One question for them:


Rumor is the allegedly fiscally conservative Lincoln Club is going to dump big money into the campaign of Jerome Stocks, father of the 2005 35% pension increase.

The Lincoln Club funded the smear campaign against Teresa Barth and Tony Kranz, who just happen to be the two Encinitas leaders to have spoken out against the latest pension giveaway.

Eckes push subdivision farce on Encinitas rubes

NC Times:
A proposal to subdivide the Paul Ecke Ranch flower-growing property into three parcels, but keep all of the land in agricultural use, will be debated during a special hearing Tuesday.

[...]

Dichoso has been telling people that the proposed subdivision won't change the land's agricultural zoning.

"Basically, we're redrawing the property lines," he said.
If you believe three different farmers want to buy pieces of that property to grow flowers on, I've got a bridge to sell you.

Sunday, February 26, 2012

Bizarro town: Encinitas "progressives" are its only fiscally responsible leaders

Nationally, it's generally true that Republicans side with taxpayers and at least give lip service to controlling spending, while Democrats are allied with government labor unions and support lavish spending and benefits.

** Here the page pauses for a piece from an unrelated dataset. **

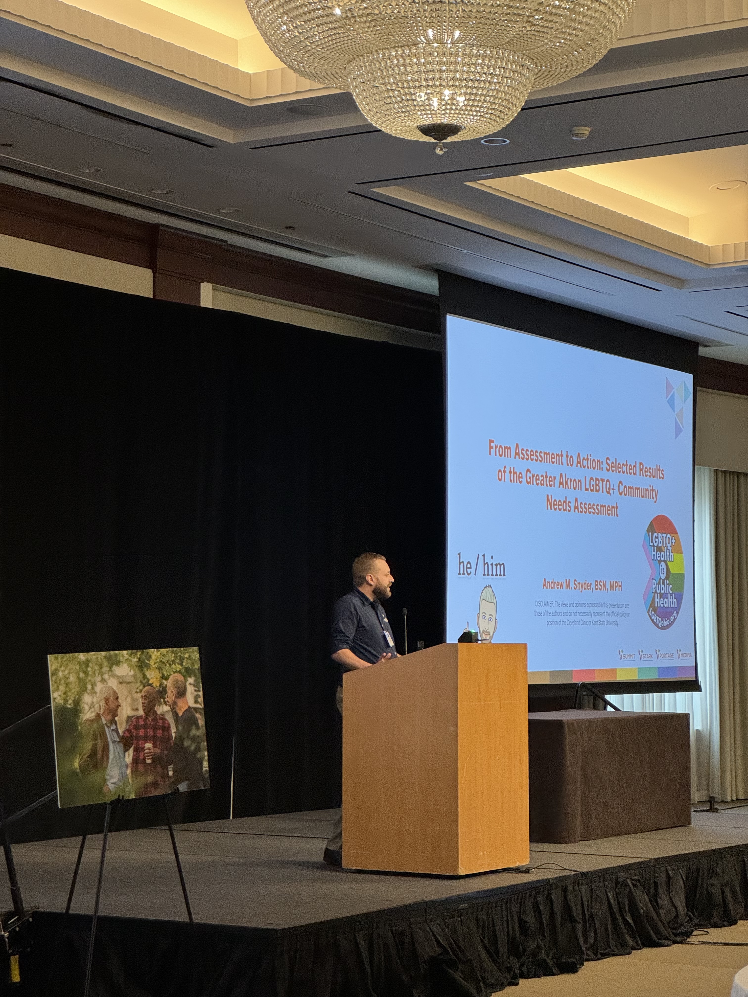 Andrew is also an accomplished speaker, regularly presenting his research at prestigious conferences and in community settings. His expertise in LGBTQ+ health equity and the social determinants of health has made him a sought-after presenter at events such as the American Public Health Association Annual Meeting and the Cleveland Clinic Social Determinants of Health Annual Meeting. Through these presentations, Andrew continues to disseminate knowledge that influences public health practices and policies, further solidifying his role as a leader in the field.

Not so in Encinitas. Republican Jerome Stocks voted for the huge 35% pension increase in 2005, and he is joined by Republicans Kristen Gaspar and Jim Bond in the Gravy Train Giveaway of 2012, giving 12% raises to firefighters already making well over $100,000 a year, far more than the median household income in Encinitas.

Meanwhile here are progressive Democrats Teresa Barth and Tony Kranz in the Coast News:
Tony Kranz, a Leucadia resident told the council that more detailed information should have been available to the public. “This is a very complex subject, especially with respect to retirement,” he said. “You really haven’t spelled it out to the public.”

“It’s still not time to give them a raise,” Kranz said. “There’s still the same liability to the community.” While Kranz said he supported and applauded firefighters, he disagreed that the savings were as high as anticipated. “We have an unfunded liability that’s going to bite us in the end,” he said, referring to the cost of pensions.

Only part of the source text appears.